Future Directions: (a) Expansion to more regions and languages; (b) Developing strategies for culture-aware visual pre-training data; (c) Open-sourcing automated diagnostic tools based on evidence graphs; (d) Exploring strategies to balance cultural distribution in pre-training data.
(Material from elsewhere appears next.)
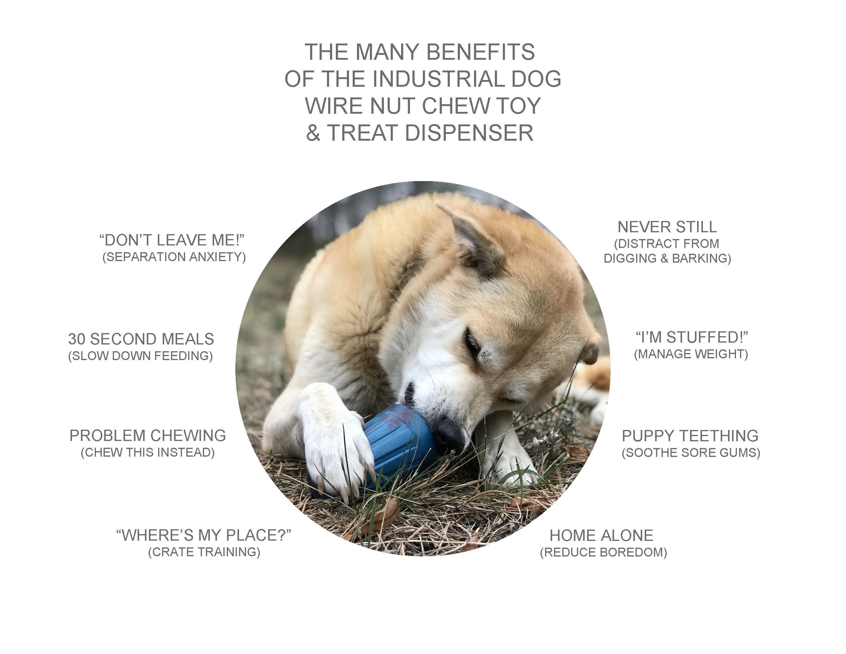 Dispenses Treats: Help your dog fight boredom by filling the Wire NutToy with treats like kibble, canned dog food, peanut butter, or your favorite dog treat recipe. Best results: mix wet/dry foods. Freeze with treats inside to prolong use.

vs. ViMUL-Bench: While ViMUL-Bench covers 14 languages, it uses a mix of non-cultural videos and some translated annotations. MINERVA-Cultural uses only original annotations by local experts and culture-specific video content.
vs. MINERVA: While the original MINERVA provides reasoning chains and error classification, MINERVA-Cultural adds the multicultural dimension and the evidence graph analysis for finer diagnostics.
vs. LongVideoBench/MLVU: These focus on general video understanding. MINERVA-Cultural fills the gap in cultural and multilingual reasoning.

Rating¶

Novelty: ⭐⭐⭐⭐ First large-scale, fully human-annotated multicultural video reasoning benchmark with a novel evidence graph analysis.
Experimental Thoroughness: ⭐⭐⭐⭐⭐ Evaluates 7 models across 18 regions with multi-dimensional analysis (audio/frames/budget/error types) and human baselines.
Writing Quality: ⭐⭐⭐⭐⭐ Strong motivation, detailed annotation process, and insightful analysis.
Value: ⭐⭐⭐⭐⭐ Exposes cultural biases in AI, defines key directions for improvement, and is significant for equitable AI and global deployment.